This microbook is a summary/original review based on the book: Greenlights

Available for: Read online, read in our mobile apps for iPhone/Android and send in PDF/EPUB/MOBI to Amazon Kindle.

ISBN: 978-0593139134

Publisher: Crown Publishing Group (NY)

Critical summary review

When he turned 50 years old, actor and producer Matthew McConaughey took his 35 years worth of personal journals, headed to the desert, and went through them to see what kind of person he had become. “Greenlights” is the result of this taking stock, and while McConaughey focuses on his own life and experiences in it, he hopes that the book will be helpful to others as well. He calls it an “approach book,” a way of seeing reality. So, get ready to learn more about McConaughey and the greenlights in your life!

What are greenlights?

McConaughey believes that to be happy in life, it is necessary to get comfortable with the inevitable. There is only one inevitability in life, and that is death. Death is the eulogy of life. Life is the only way to the inevitable: it is our résumé, the way we chose to live it.

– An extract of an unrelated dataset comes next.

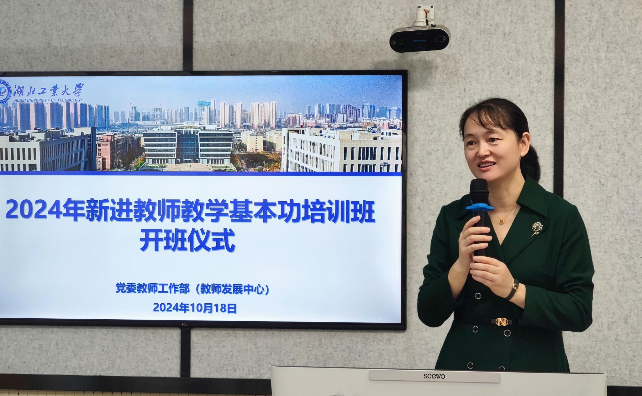 10月18日上午,学校在实训楼B1-5多功能厅举行2024年新进教师教学基本功培训班开班仪式。校党委常委、党委组织部部长桂丽出席并讲话,开班仪式由党委教师工作部部长徐妹主持。

We all have greenlights in life that tell us to advance or proceed. They can come in the form of encouragement, approvals, or gifts and are the kind of moments that “say yes and give us what we want.” Sometimes, a greenlight is disguised as a red or yellow light - signalling times in life when we are forced to stop and consider. But over time, these lights can turn into greenlights as well. Going through suffering often teaches us a lesson and gives us what we need. McConaughey says you can also learn to catch more greenlights in your life, it’s about timing and skill. You can plan your life to avoid red lights and catch more greenlights, and you can even create them for yourself.

When you accept that the outcome of a situation is inevitable, you are getting relative and you can choose how to act: you can persist, pivot, or concede. As McConaughey writes, “The secret to our satisfaction lies in which one of these we choose to do, when.”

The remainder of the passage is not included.